GitHub - greg1232/cerebras-py-sim

Cerebras CS3 Simulator

A high-fidelity architectural simulator for the Cerebras CS3 Wafer-Scale Engine (WSE). This project models the hardware architecture, interconnects, and execution environment to enable performance analysis and software development for massively parallel 2D mesh architectures.

🚀 Project Overview

The Cerebras-Sim is designed to model the CS3 WSE, featuring a massive array of 720,000 processing elements (PEs). It provides a full-stack simulation environment, from a high-level Python DSL down to a custom 32-bit ISA binary.

Key Goals

Performance Analysis: Estimate total runtime and identify bottlenecks using a hybrid performance/functional model.
Software Development: Verify kernel correctness via a CUDA-like programming model before deploying to hardware.
Architectural Exploration: Model the impact of mesh bisection bandwidth, latency, and SRAM constraints.

🏗️ Architecture

Hardware Model

Processing Element (PE): Each core implements an 8-wide SIMD unit, vector registers, and a private 48KB local SRAM.
Interconnect: A 2D Mesh (800x900) where communication occurs via SEND/RECV primitives and global address space abstractions.
Memory Hierarchy:
- Local SRAM: Private high-speed memory per PE (analogous to CUDA Shared Memory).
- Weight Server: External DRAM accessed via a global address space for large-scale model weights and data.
Host-Device Interface: A driver model implementing a command queue (CS3Queue) and memory movement (cs3_memcpy).

Execution Model

The simulator employs a Bulk Synchronous Parallel (BSP) model, dividing execution into discrete "supersteps":

Compute: PEs perform local SIMD operations.
Communicate: PEs exchange data across the mesh or with the Weight Server.
Synchronize: A global barrier (SYNC) aligns the execution state.

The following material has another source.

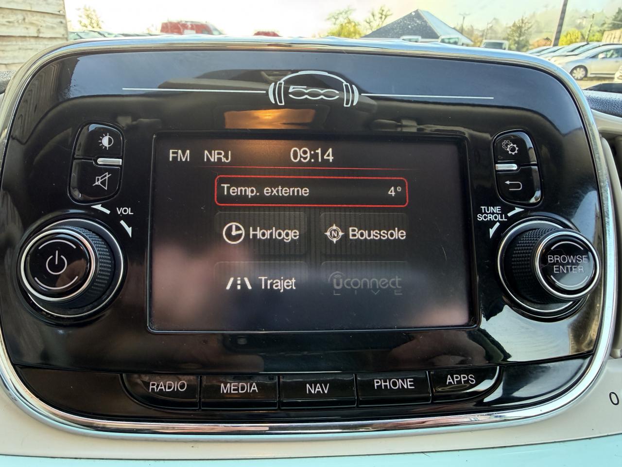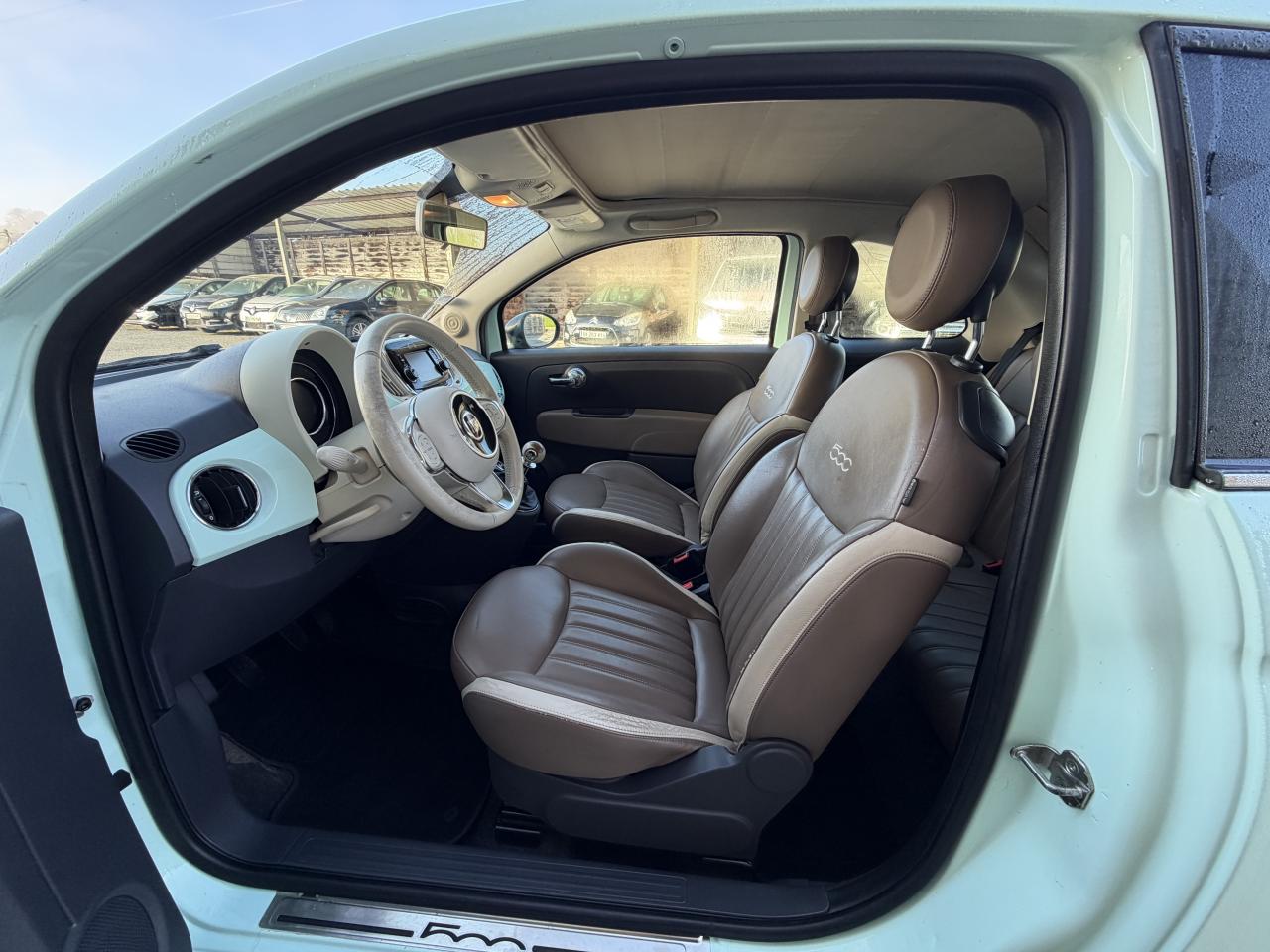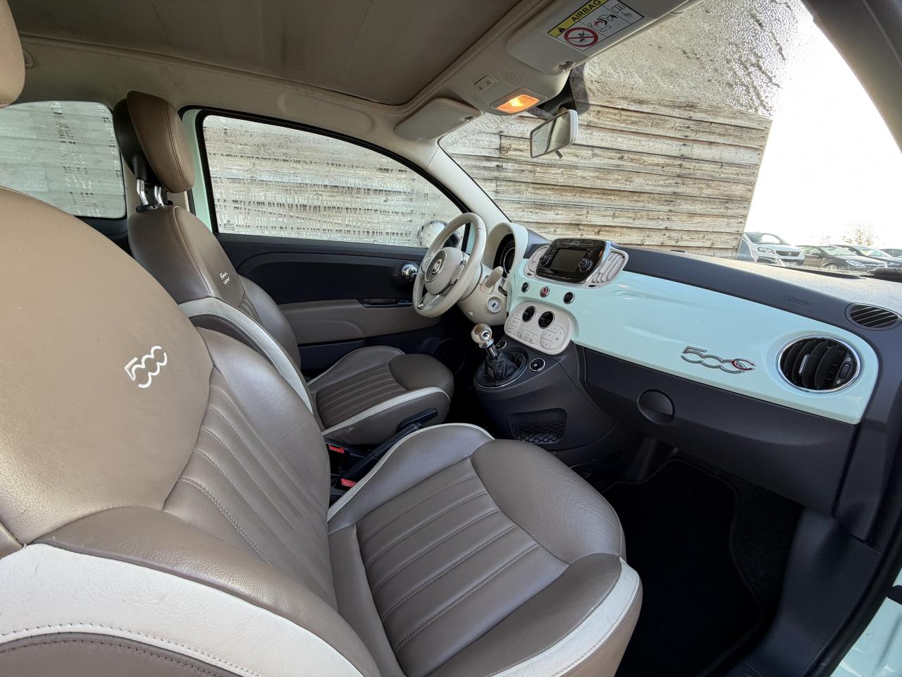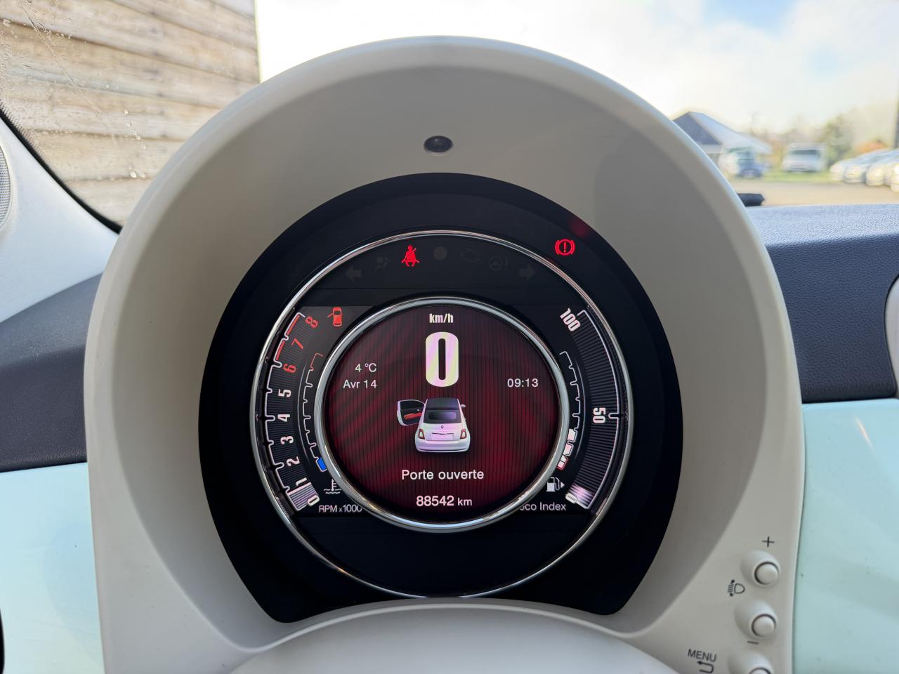 ABS – antiblocage des roues avec répartiteur de freinage EBDAirbag Fiat de genouxAirbags fiat conducteur et passagerAirbags Fiat de toitAirbags Fiat latéraux avantAppuie-tête à l'avant, réglables en hauteurAssistance au freinage d'urgenceAttaches IsofixBaguettes latérales couleur carrosserie (avec logo 500)Banquette arrière rabattable 50/50 et appuie-tête arrièreCapote à ouverture éléctrique et lunette arrière en verre à dégivrage éléctriqueClimatisation automatique avec filtre à pollenCombiné de bord à affichage numérique TFT 7''Condamnation automatique des ouvrants en roulantCondamnation centralisée à distanceCoques de rétroviseurs noiresDirection assistée Dualdrive avec fonction"City"Dispositif d'éclairage ‘'Follow me home''Eclairage du coffreESP - contrôle électronique de stabilité avec “Hill Holder"Feux de jour à LEDJantes alliage 16” New ClubKit ChromeKit fumeurPare-chocs couleur carrosseriePoignée de maintien intérieurePoignées de porte chroméesProjecteurs antibrouillardRadar de reculRétroviseurs extérieurs réglables électriquement et dégivrants avec sonde de températureRoue de secours “galette”Sellerie cuir Poltrona FrauSiège conducteur réglable en hauteurToit noir laquéUconnect Radio 5" NAV LIVE (Dual Tuner/USB/AUX/Bluetooth)Vitres avant électriquesVitres latérales et lunette arrière surteintéesVolant Gainé de cuir avec commandes audioVolant réglable en hauteur

To balance accuracy and speed, the simulator uses a hybrid execution track:

Performance Track (Global): All PEs are tracked for cycle counts and timing.
Functional Track (Sampled): A stochastic sampling strategy is used where only a subset of blocks is fully simulated functionally to verify correctness.

💻 Software Stack

The project implements a complete toolchain: Python DSL $\rightarrow$ Tungsten-IR $\rightarrow$ ISA Binary $\rightarrow$ Simulator

Programming Example

Kernels are written in a CUDA-like Python DSL. For example, a simple SAXPY ($\mathbf{z} = \alpha \mathbf{x} + \mathbf{y}$) kernel:

@cs3_kernel(block_w=16, block_h=16)
def saxpy_kernel(ctx):
    # Load inputs from global memory (Weight Server)
    x = ctx.load_global(None, 0)
    y = ctx.load_global(None, 4)
    
    # Compute: z = 2.0 * x + y
    z = 2.0 * x + y
    
    # Store result back to global memory
    ctx.store_global(None, 8, z)

Frontend: A CUDA-like DSL embedded in Python using @cs3_kernel decorators.
Intermediate Representation (Tungsten-IR): A dataflow-centric IR mapping compute nodes and synchronization points.
Compiler Backend:
- Mapping & Scheduling: Assigns IR nodes to the physical 2D mesh and manages the SRAM budget.
- Assembler: Emits the final 32-bit binary stream.
Simulator Engine: A Python-based engine that decodes the ISA and drives the hardware model.

⏱️ Performance Modeling

Instead of exhaustive packet-level simulation, the system uses a latency-and-bandwidth-aware abstract model:

Latency: Calculated based on physical Manhattan distance: $$\text{Latency}_{\text{op}} = \text{Base Latency} + (\text{Manhattan Distance} \times \text{Hop Latency})$$
Bandwidth & Congestion: The simulator enforces a Bisection Bandwidth Constraint. If total bytes transferred per superstep exceed network capacity, a congestion multiplier is applied to "stretch" the superstep duration.

🛠️ Current Status

Component	Status	Details
ISA Decoder	✅ Complete	Full implementation of Compute, Mesh, Control, System, DSD, and Global memory opcodes.
Hardware Model	✅ Functional	Core logic, SRAM, 2D Mesh, and Host-Device IO are implemented.
Compiler	✅ Functional	AST parsing, IR generation, register allocation, and assembly are operational.
Simulation Engine	✅ Functional	Hybrid Performance/Functional tracks and BSP scheduling are implemented.
Advanced Mapping	🚧 In Progress	Optimizing spatial mapping for complex kernels.
Weight Server	🚧 In Progress	Integration with external weight servers for real-world model weights.

🧪 Testing & Validation

The project uses a Dual-Execution strategy to verify the compiler:

Python Path: Executes the kernel as a Python function via KernelContext (Golden Reference).
Binary Path: Compiles the kernel $\rightarrow$ executes the resulting binary on the BSPScheduler.
Comparison: Bit-exact comparison of final memory states.

To run integration tests:

python3 -m unittest discover tests/integration